Improving gene therapy for LGMD2A/R1 patients
Ruby Goldstein de Salazar (U. of California Los Angeles), Irina Kramerova, Stephen Hauschka, Jeffrey Chamberlain, and Melissa Spencer
These researchers are developing an LGMD2A/R1 gene therapy. Because Calpain 3 is only found in skeletal muscle, the group is focused on restoring Calpain 3 specifically to skeletal muscle cells. Importantly, their gene therapy avoids expression in the heart where it could lead to toxicity. They are currently testing the therapy in mice.
Using MRI to understand muscle changes in LGMD2A/R1 and Becker Muscular Dystrophy
Kelly Rock (U. Florida); Prathyusha Bellam; Donovan Lott; Rebecca Willcocks; Alison M. Barnard; Sean Forbes; Alexa Harris; Oneema Kamal; Julia Hinkle; Claudia Senesac; Krista Vandenborne; Glenn Walter
One major challenge to clinical trials for muscular dystrophies is that the measurements commonly used are not sensitive to detecting small changes in muscle strength. This team collected data to determine if Magnetic Resonance Imaging (MRI) can measure small changes in muscle in people living with LGMD2A/R1, as well as Becker Muscular Dystrophy (BMD). They found that one MRI technique which measures the amount of fat infiltration in muscle (called “fat fraction”) is increased in people with LGMD2A/R1 and BMD, especially those who have difficulties with physical function. These findings suggest that the technique could be used to monitor the effects of experimental treatments in future clinical trials.
Additional LGMD2A/R1 Posters
Which in-clinic assessments are helpful to measure function in individuals with LGMD2A/R1
Meredith James (John Walton Muscular Dystrophy Centre, Newcastle U.)*; Lindsay Alfano(Nationwide Children’s Hospital)*, Megan Iammarino; Natalie Reash; Chris Steiner; Audrey Beale; Melissa Smith; Stephanie Hunn; Shelley Mockler, Heather Hilsden; Dionne Moat; Jassi Sodhi; Karen Wong; Emma Grover; Emma Robinson; Anna Mayhew; Michelle Eagle; Volker Straub; Michela Guglieri; Chiara Marini Bettolo; Robert Muni Lofra; Jordi Diaz-Manera; Linda Lowes *Denotes joint first author
For future clinical trials to be successful, we need to understand which assessments (tests) best measure functional changes in people with LGMD2A/R1. This group analyzed tests performed at previous LGMD Conferences as well as clinic visits to Newcastle University and Nationwide Children’s Hospital. The tests they identified not only bring us closer to developing effective treatments and trials, but also help healthcare professionals track patient symptoms and plan treatment. This work was supported in part by a C3 Research Grant.

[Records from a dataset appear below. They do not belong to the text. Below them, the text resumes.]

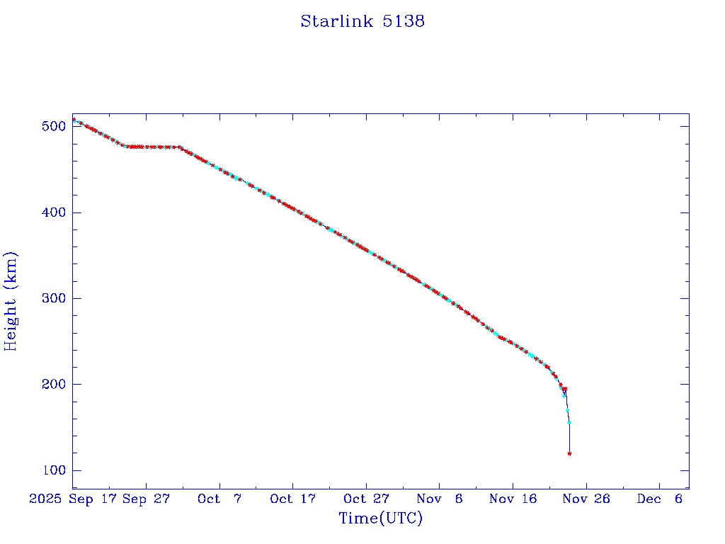 | Starlink 5138 | S54078 | R | 2022 Oct 20 | 2025 Nov 13? | 2025 Nov 23 |  |  |  |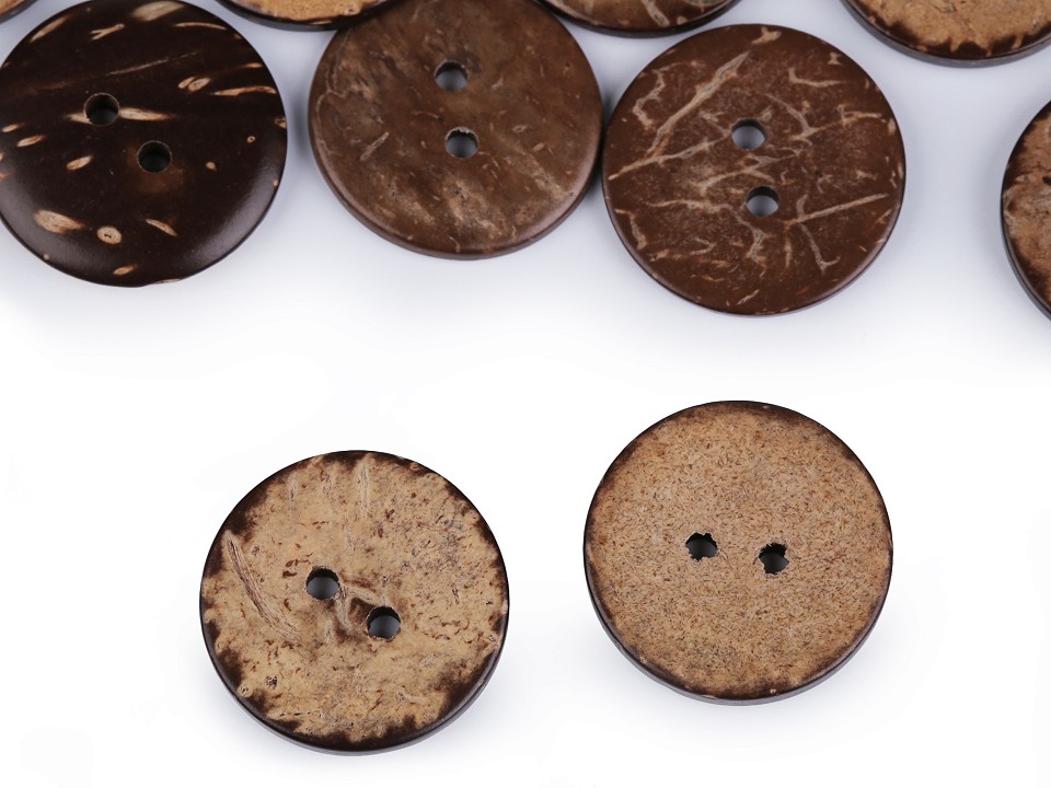Přírodní knoflík ze skořápky kokosového ořechu. Průměr knoflíčku 17mm. 2 dírky na přišití.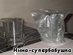 6 низких стаканов застелить пищевой пленкой! Я не знаю, как это можно сделать! Как я ни пыталась... ничего у меня не получилось! Пленка сминается, прилипает... Намучилась... плюнула и сделала по-своему: взяла маленькие полиэтиленовые пакеты. Широкий стакан. Граненый стакан.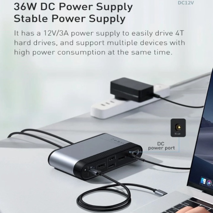 - 17 in 1 Model (CAHUB-DG0G): USB 3.0*3 + USB 2.0*2 + HDMI*3 +TF/SD Card Reader + RJ45 +PD + PC +3.5mm Jack + DC Port + PD Cable + UK/EU Plug + CN DC Cord (Suit)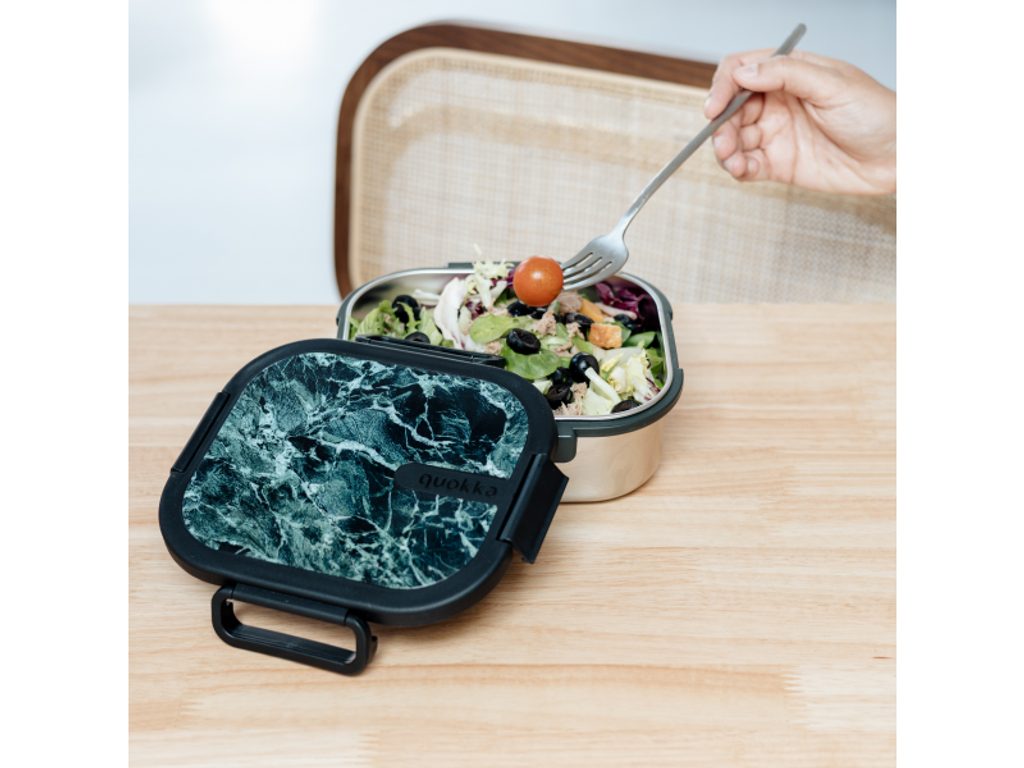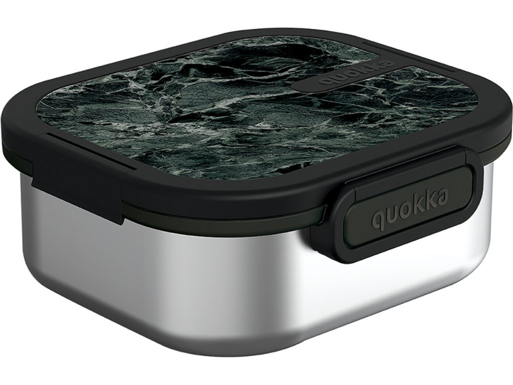 Box na jídlo Quokka Kai z vysoce kvalitní nerezové oceli s plastovým víkem je vhodný pro bezpečné přenášení svačiny či oběda do školy, do práce i na výlety. Spolehlivé, 100% těsnicí víko s klipovým zapínáním chrání obsah boxu před vylitím či vysypáním. Nerezový materiál neabsorbuje pachy a je tak vhodný pro jakékoli jídlo. Objem: 1 l Rozměry: 180 x 165 x 68,5  mm Složení: nerezová ocel, PP Neobsahuje BPA. Box není vhodný do myčky ani mikrovlnné trouby.

The patient experience of living with LGMD2A/R1: Findings from a focus group
Nicole LaMarca (Sarepta Therapeutics), Tamara Wyzanski, Chloe Carmichael, Catherine Bottomley, Jennifer Levy, Monique Dabbous
The authors of this poster organized a focus group at the 2023 International LGMD Conference to explore the experiences of those living with LGMD2A/R1. Themes included diagnostic challenges, progression of symptoms, effects on quality of life, and social and emotional impact. These findings can support clinical trial design and patient-focused drug development.
Jennifer Levy (Coalition to Cure Calpain 3), Jordan Boslego, Michela Guglieri, Ann Martin, Katherine Mathews, Michele Wrubel
This poster highlights the LGMD2A/Calpainopathy Registry, a C3 initiative. This patient-reported registry has two main goals: (1) to collect data over time from individuals with calpainopathy, and (2) to support recruitment for clinical research studies. In the first year, data was entered by over 200 participants from 41 countries. The registry has also been utilized to assist with participant recruitment for three clinical studies. It can be accessed at lgmd2a.iamrare.org.